FGFR-blocking antibodies represent an alternative approach to the use of small molecule inhibitors. Humanized and fully human synthetic antibodies have recently become available for therapeutic purposes and present several advantages including low toxicity, high target specificity, easy tissue penetration, and the possibility to be combined with immunotoxins or radionucleotides for specific targeting to malignant cells [92]. Results so far are promising. For example, a single-chain Fv against FGFR3 conjugated to the gelonin toxin was shown to block proliferation and induce apoptosis of the FGFR3-overexpressing cell lines RT112 and RT4 both in vivo and in vitro [93].
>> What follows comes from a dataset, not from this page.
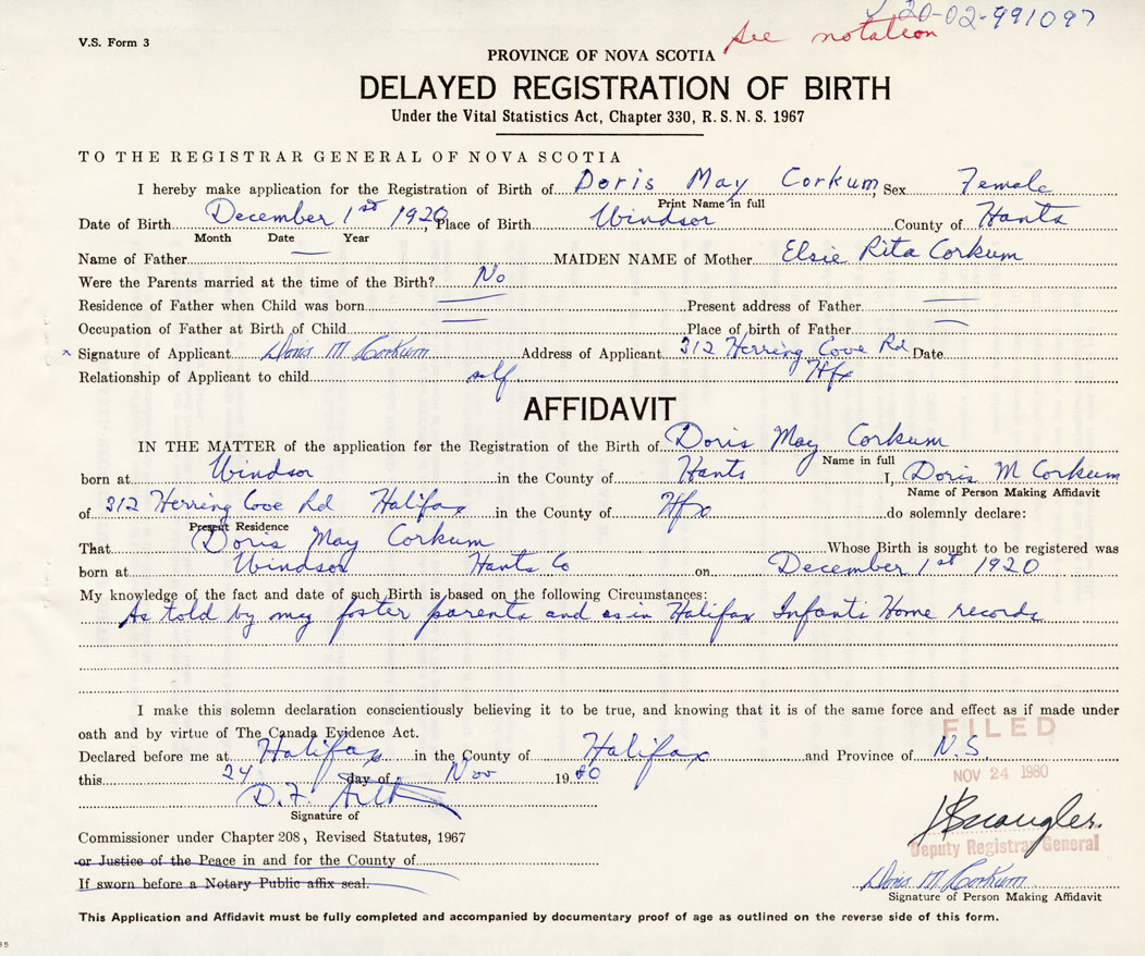 IN THE MATTER of the application for the Registration of the Birth of Doris MayComeau (Corkum)

The elucidation of downstream targets of FGFR signalling in bladder tumours could also open up new avenues for therapeutic intervention. For example, the discovery that FGFR1 may drive EMT through COX-2 activation [76] suggests that COX-2 inhibition may be particularly beneficial in FGFR1-dependent invasive tumours. A clinical trial utilising a COX-2 inhibitor is currently in progress and it would be interesting to see whether the clinical outcomes correlate with FGFR1 expression and activation levels.

5. Conclusions

In the last decade, it has become clear that FGFRs play a key role in the development of UC and hold promise as therapeutic targets, screening tools, and diagnostic, and prognostic biomarkers. Future challenges include detailed elucidation of downstream signalling, refining FGFR-based screening and prognostic tests, identification of markers to select patients most likely to benefit from FGFR-targeted therapies and development of strategies to overcome recurrence after treatment withdrawal or development of resistance. There is great hope that in the near future the results of research on the role of FGFRs in UC will be translated into the clinical management of these tumours.